There is a statistically significant association between views on voting ease and race-ethnicity [ $χ^{2} (3) = 28.95; p < .05$ ].

Whenever possible, use the actual p-value rather than p < .05

In this case the p-value is so small that it wouldn’t look nice to provide the exact figure.

R Code 5.31 : Determine probability of ease of voting by race

Code

(
    chisq_ease_vote_stats <- stats::chisq.test(ease_vote_table)
)


nhstplot::plotchisqtest(
    chisq = chisq_ease_vote_stats[["statistic"]][["X-squared"]],
    df = chisq_ease_vote_stats[["parameter"]][["df"]]
    )

#> 
#>  Pearson's Chi-squared test
#> 
#> data:  ease_vote_table
#> X-squared = 28.952, df = 3, p-value = 2.293e-06

5.8 Achievement 5: Null Hypothesis Significance Testing

Procedure 5.2 : Null Hypothesis Significance Testing

Write the null and alternate hypotheses.
Compute the test statistic.
Calculate the probability that your test statistic is at least as big as it is if there is no relationship (i.e., the null is true). 4a. If the probability that the null is true is very small, usually less than 5%, reject the null hypothesis. 4b. If the probability that the null is true is not small, usually 5% or greater, retain the null hypothesis.

WATCH OUT! Last step has to alternate options

In the book the above Procedure 5.2 has 5 options. But the last two steps (4 and 5) are contradictory alternatives. If one is true, the other does not apply. My Procedure 5.2 has therefore only 4 steps.

5.8.1 NHST Step 1

The null (H0) and alternate (HA) are written about the population and are tested using a sample from the population.

Wording for H0 and HA

H0: People’s opinions on voter registration are the same across race-ethnicity groups.
HA: People’s opinions on voter registration are not the same across race-ethnicity groups.

5.8.2 NHST Step 2

The second step is to use the test statistic. When examining a relationship between two categorical variables the appropriate test statistic is the chi-squared statistic, $χ^{2}$ . You can see in the last line of Listing / Output 5.5 that $χ^{2} = 28.952$ .

5.8.3 NHST Step 3

The probability of seeing a chi-squared as big as 28.952 in our sample if there were no relationship in the population between opinion on voting ease and race-ethnicity group would be 0.000002293 or p < .05.

5.8.4 NHST Step 4

The probability that the null hypothesis, “People’s opinions on voter registration are the same across race-ethnicity groups,” is true in the population based on what we see in the sample is 0.000002293 or p < .05. This is a very small probability of being true and indicates that the null hypothesis is not likely to be true and should therefore be rejected.

Report

We used the chi-squared test to test the null hypothesis that there was no relationship between opinions on voter registration and race/ethnicity group. We rejected the null hypothesis and concluded that there was a statistically significant association between views on voter registration and race-ethnicity [ $χ^{2} (3) = 28.952; p < .05$ ].

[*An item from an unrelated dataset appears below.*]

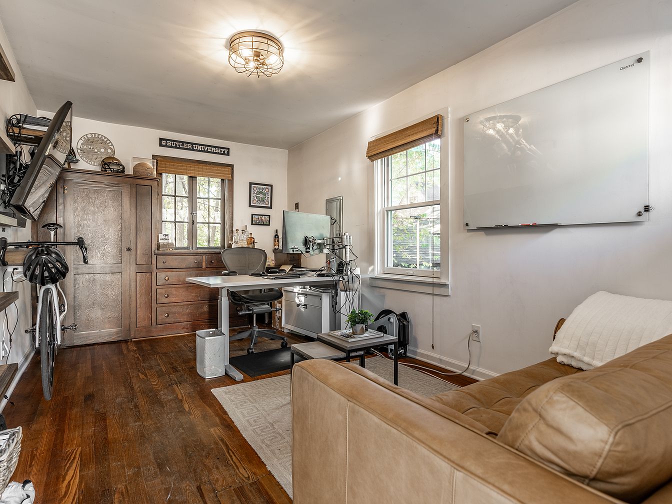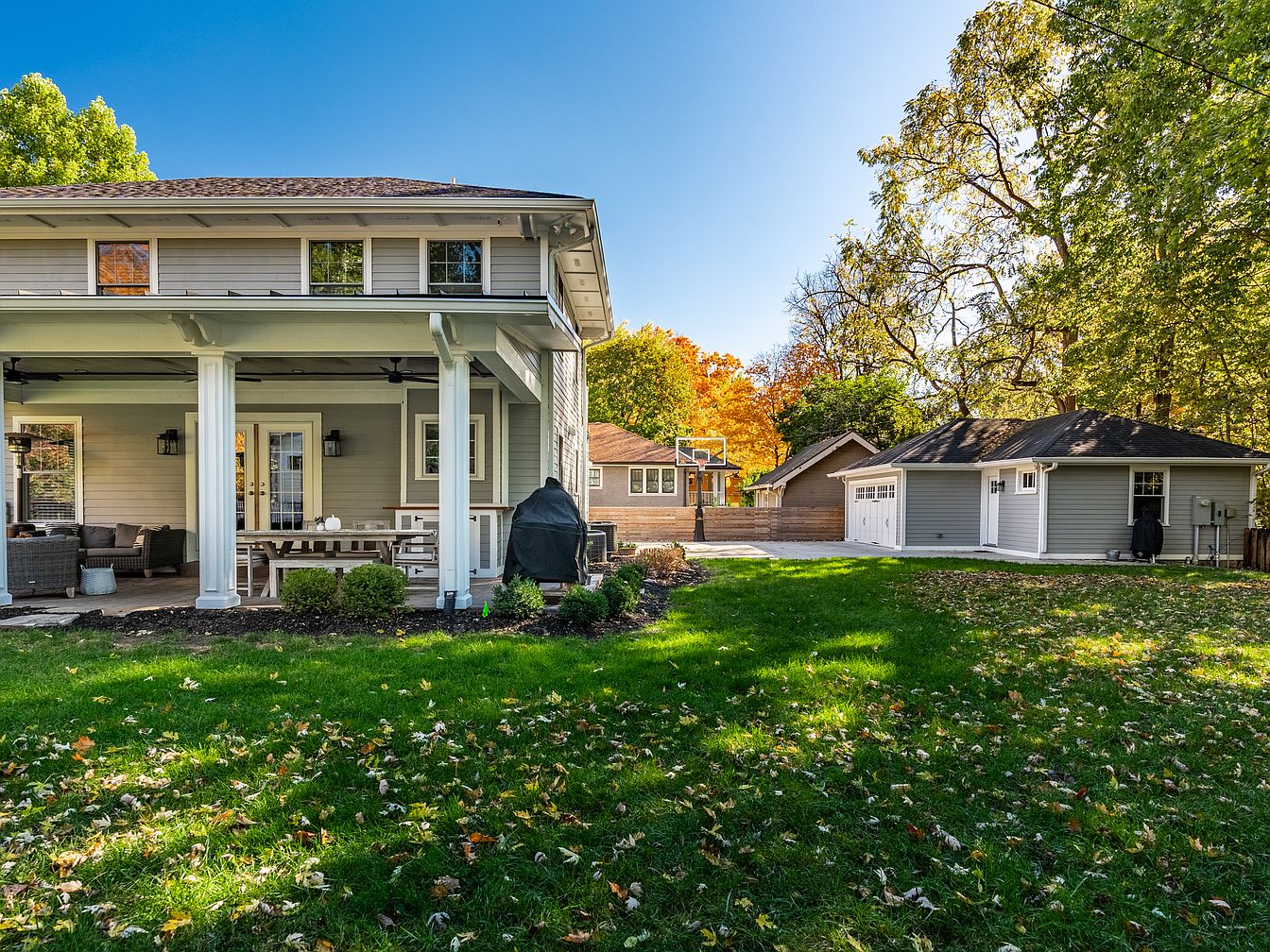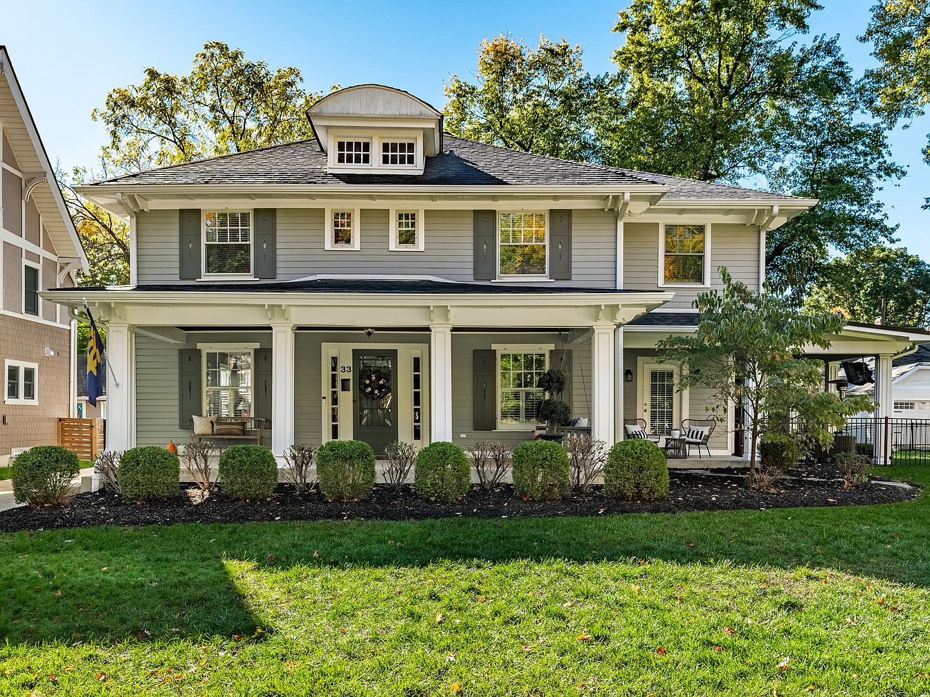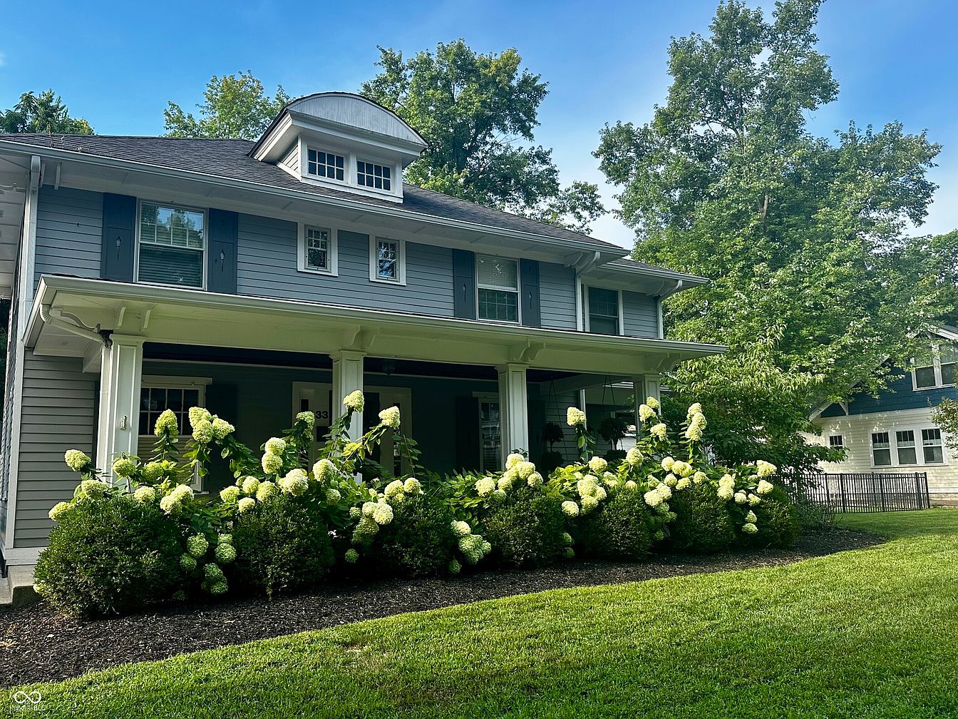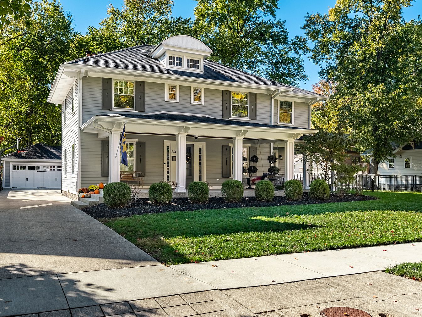Situated in the prestigious and historic Butler Tarkington neighborhood of Indianapolis, this exquisitely renovated century home exemplifies early 20th-century American architectural elegance with its deep, welcoming front porches and Craftsman-inspired details. Priced at $1,250,000 and resting on a rare one-third acre lot, the home combines preserved original hardwood floors with a contemporary open-concept transformation that seamlessly joins the kitchen, dining, and family spaces. The luxurious main floor features a gourmet kitchen with dual dishwashers and a six-burner range, while the upper level boasts a refined primary suite and private balcony. Recent upgrades include a renovated detached garage with office space, sophisticated built-ins, and impeccably landscaped grounds, making this estate an icon of comfort and style.

WATCH OUT! Chi-squared test and chi-squared goodness-of-fit test are not the same!

The chi-squared goodness-of-fit test is used for comparing the values of a single categorical variable to values from a hypothesized or population variable. The goodness-of-fit test is often used when trying to determine if a samples are a good representation of the population.

5.9 Achievement 6: Standardized residuals

5.9.1 Introduction

One limitation of the chi-squared independence test is that it determines whether or not there is a statistically significant relationship between two categorical variables but does not identify what makes the relationship significant. The name for this type of test is omnibus.

Standardized residuals (like z-scores can aid analysts in determining which of the observed frequencies are significantly larger or smaller than expected. The standardized residual is computed by subtracting the expected value in a cell from the observed value in a cell and dividing by the square root of the expected value.

$\begin{matrix} (5.4) & Standardized residual = \frac{o b s e r v e d - e x p e c t e d}{\sqrt{e x p e c t e d}} \end{matrix}$

The standardized residual is distributed like a z-score. Values of the standardized residuals that are higher than 1.96 or lower than –1.96 indicate that the observed value in that group is much higher or lower than the expected value. These are the groups that are contributing the most to a large chi-squared statistic and could be examined further and included in the interpretation.

WATCH OUT! Adjusted Standardized Residuals

There are also adjusted standardized residuals. To increase the confusion Alan Agresti (2018) calls these residuals “Standardized Pearson Residual”. To understand the difference between standardized and adjusted standardized residuals read see Standardized Residuals in Statistics: What are They? (Glen, n.d.b). Adjusted standardized residuals have higher values and are therefore not interpretable with the z-score values (e.g., looking for values greater or smaller than 2, res. 1.96 standard deviations). I will therefore stick with the (normal) standardized residuals.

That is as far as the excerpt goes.